Let’s play a game. I’ll give you the name of a film, and whether or not you’ve seen it, or read the book it’s based on, or sat through the sequel, or caught the Broadway adaptation, or watched the trailer for its impending remake, you tell me pretty much every major plot point in the story from beginning to end.
Ready? And….
Carrie
Together now!
There’s a weird girl who gets her period for the first time at school. Her classmates mock her. She discovers she has telekinetic powers. She goes to the prom where she is doused with a bucket of delicious and nutritious pig’s blood. Then, oh, the humanity! The bloody mayhem caused by Carrie in her humiliation and rage.
Everyone knows that’s what happens in Carrie, regardless of which version we’re talking about. Don’t believe me? Well while not watch the new trailer for the upcoming Carrie movie remake and see for yourself.

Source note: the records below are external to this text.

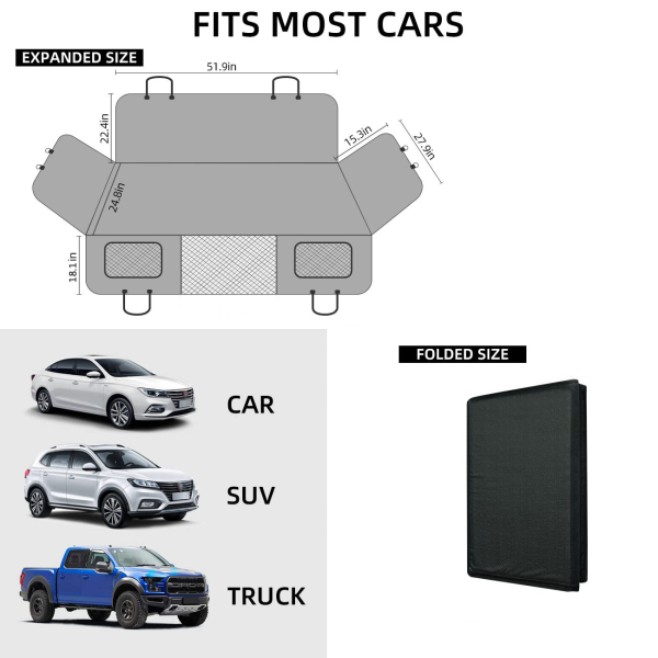 Cobertor para asiento de carro rigido gris. Oxford impermeable, esponja, placas de soporte de carga, fondo antideslizante Medidas 132 cm x 165 cm.
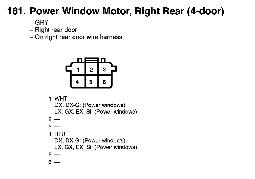 181. Power Window Motor, Right Rear (4-door):
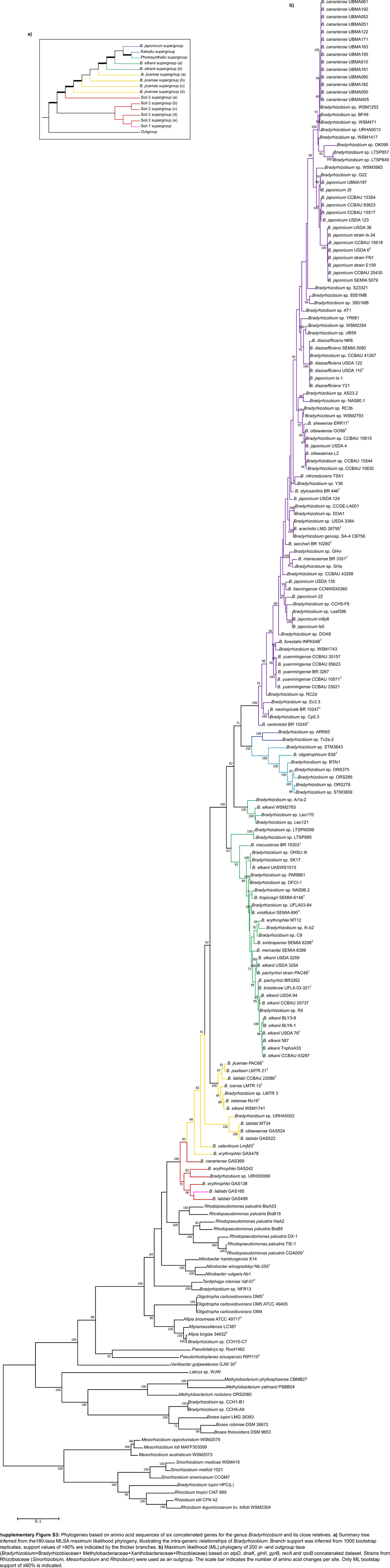 Phylogenomics, Bradyrhizobium japonicum, Bradyrhizobium elkanii, Photosynthetic Bradyrhizobium, Nodulation, Photosynthesis
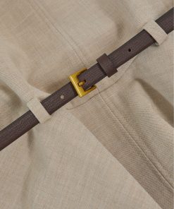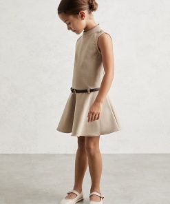 The Neutral Bella dress is shaped to a high-neck, sleeveless silhouette with a dropped waist and flared, flippy skirt. A faux-leather belt defines the waist, while the woven crosshatch fabric lends subtle depth to the design. Mock neckline Sleeveless Faux-leather belt Flared skirt Buttons and concealed zip to reverse
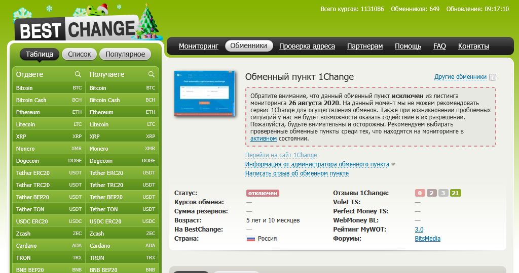 Но в августе 2020 года сервис исключили из списка BestChange без указаний причин. Возможно, обменник останавливал свою деятельность, а может стал предоставлять услуги только действующим клиентам.

It is a fact: You cannot condemn me for revealing plot points that are clearly depicted in the trailer. Ipso facto latin amen.
Surprise just isn’t in the cards for Carrie. It’s a story as old as the Odyssey, only slightly less old. This was Stephen King’s first book and his first book to be adapted into film. It’s a tale that’s been poured from the rafters for millennia — if you count this millennium and the last one, which I do.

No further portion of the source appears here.